Tech 24 February 2018

Jasmine Solana

Too soon: More testing needed for OP_GROUP

Andrew Stone from Bitcoin Unlimited has proposed OP_GROUP as a method for implementing representative tokens – also called “colored coins” within the Bitcoin community.  But some members of the development community are urging caution and more time to decide whether OP_GROUP should be added to Bitcoin Cash software implementations.  Recently, Jonald Fyookball published a thoughtful piece explaining why OP_GROUP is potentially dangerous, and should only be activated after taking appropriate “time to test and analyze extensively” its impact. Fyookball’s post has generated significant favorable reaction from the developer community on Reddit.

May 2018 upgrade is too soon and mining hash will not support this proposal

At first glance, the OP_GROUP proposal appeared to be a small change, given that the opcode is comprised of only 50 lines of code. However, OP_GROUP is capable of changing the Bitcoin design at a fundamental level. It alters how unspent transaction output (UTXO) sets are interpreted and makes token validation a function of miners, in stark contrast to other solutions where this validation is not part of the base bitcoin code.

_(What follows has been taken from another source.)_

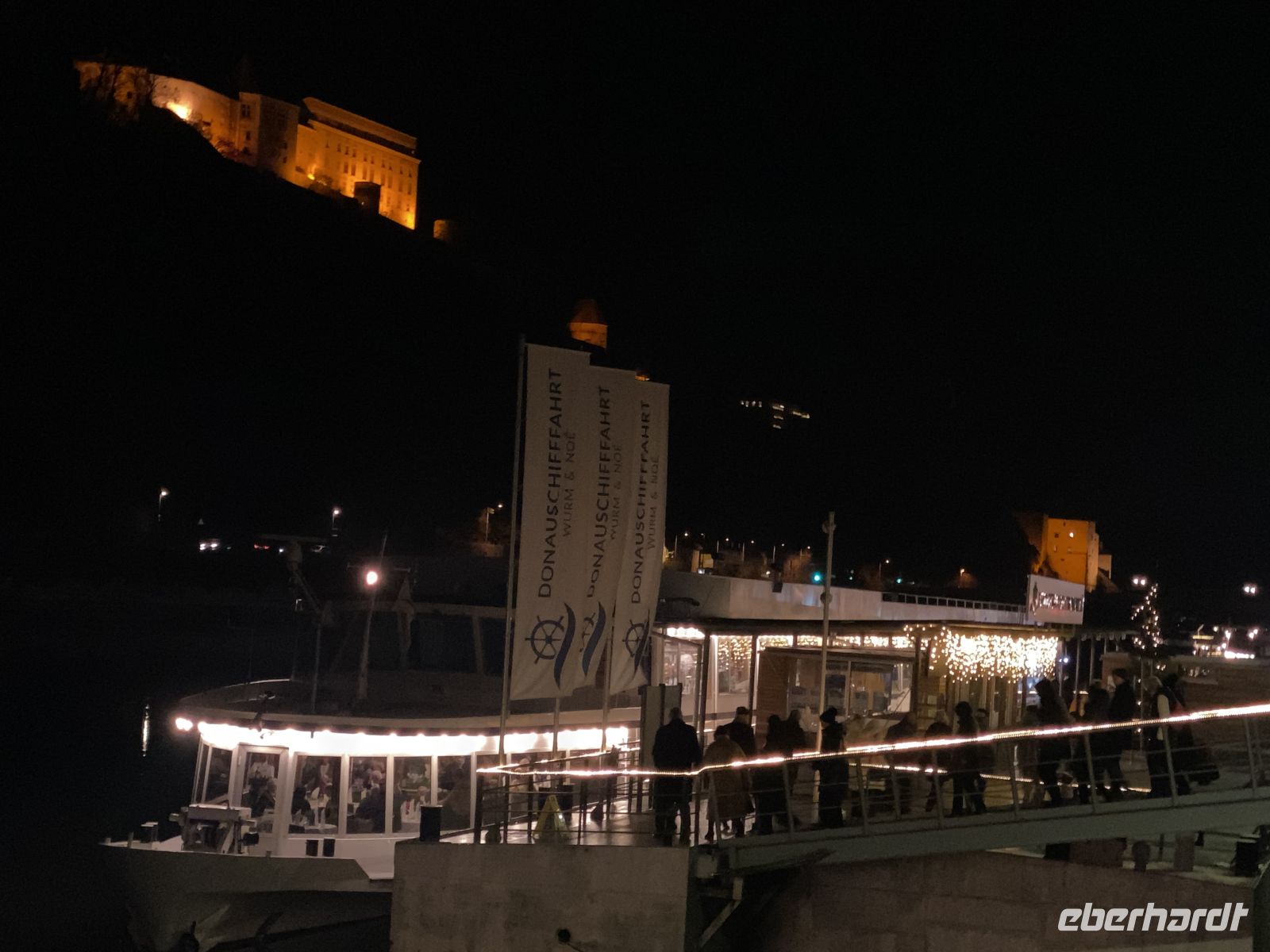Danach können alle die verbleibende Zeit bis zum abendlichen Einstieg ins Schiff auf ihre Weise nützen, ehe dann die große Silvesterfeier losgeht. Auf dem majestätischen Donauschiff "Stadt Linz" quartieren wir uns an sechs langen Tischen ein, laben uns an einem wirklich fürstlichen Gala-Diner, gleiten über den Tanzboden, lachen und feiern den letzten Abend des Jahres, und alles bei einer gemütlichen Fahrt nach Österreich, bei der wir die nächtliche Uferlandschaft genießen und den Gästen der anderen Partyschiffe zuwinken.

For other op codes, the script runs only inside the script interpreter, acting like a firewalled black box.  But OP_GROUP changes the way transactions are interpreted outside the interpreter, and thus interacts across the boundary between the interpreter and the rest of Bitcoin.  Because OP_GROUP crosses that firewall boundary, it merits sufficient testing and analysis to ensure it is safe and does not change the very nature of Bitcoin in an undesirable manner.  There is not sufficient time before Bitcoin Cash’s May 2018 protocol upgrade to fully conduct reasonable testing and evaluation of OP_GROUP.

Furthermore, OP_GROUP could product negative impact on the Bitcoin Cash ecosystem.  The opcode would make the miners more responsible to ICOs, which could lead to possible legal issues globally with governments shutting down miners they believe are too involved in the ICO process, much like how exchanges have been continuously targeted in countries like China.

This is why the proposal needs to be examined more thoroughly, taking into account the effect it could have on miners, incentive models, and even other changes that could happen in the future. Pushing for a May 2018 implementation, sans tests and sufficient documentation, is too soon.  The proposal, after all, is a radical change for Bitcoin Cash and for these reasons the mining hash will not support the OP_GROUP proposal at this time.

Note: Tokens in the SegWit chain are referred to as SegWit1X (BTC) and SegWit Gold (SWG) and are no longer Bitcoin. Bitcoin Cash (BCH) is the only true  Bitcoin as intended by the original Satoshi white paper.  Bitcoin BCH is the only public block chain that offers safe and cheap microtransactions.
Note: Tokens on the Bitcoin Core (segwit) Chain are Referred to as BTC coins. Bitcoin Satoshi Vision (BSV) is today the only Bitcoin implementation that follows Satoshi Nakamoto’s original whitepaper for Peer to Peer Electronic Cash. Bitcoin BSV is the only major public blockchain that maintains the original vision for Bitcoin as fast, frictionless, electronic cash.


Brett Williams

I agree. The size of the code change isn’t the problem, the problem is the size of the change to the model. The more I think about it, the more it seems to me that this OP_GROUP proposal would create a subtle change to the basic model. That’s not to say that it’s bad, just that it’s a very uncertain change that should be treated with extreme caution.

The basic task of miners is to validate scripts to see whether it’s valid to transfer BCH. This has a basic self-same harmonious sense to it, because BCH is also the credit the miners charge for that service. They’re concerned with whether the scripts validate because they care whether they get paid. It’s all of one piece.

In theory I guess you can attach other demands for computation and people can say that they refuse to pay miners unless that computation is done to standards, that doesn’t seem theoretically impossible. But it’s a different model. The miners are then validating those transactions as a service because it’s collectively demanded of them, not because it’s completely directly in the line of whether they’re paid. I’m not sure whether that works or not. We certainly can’t be sure by May.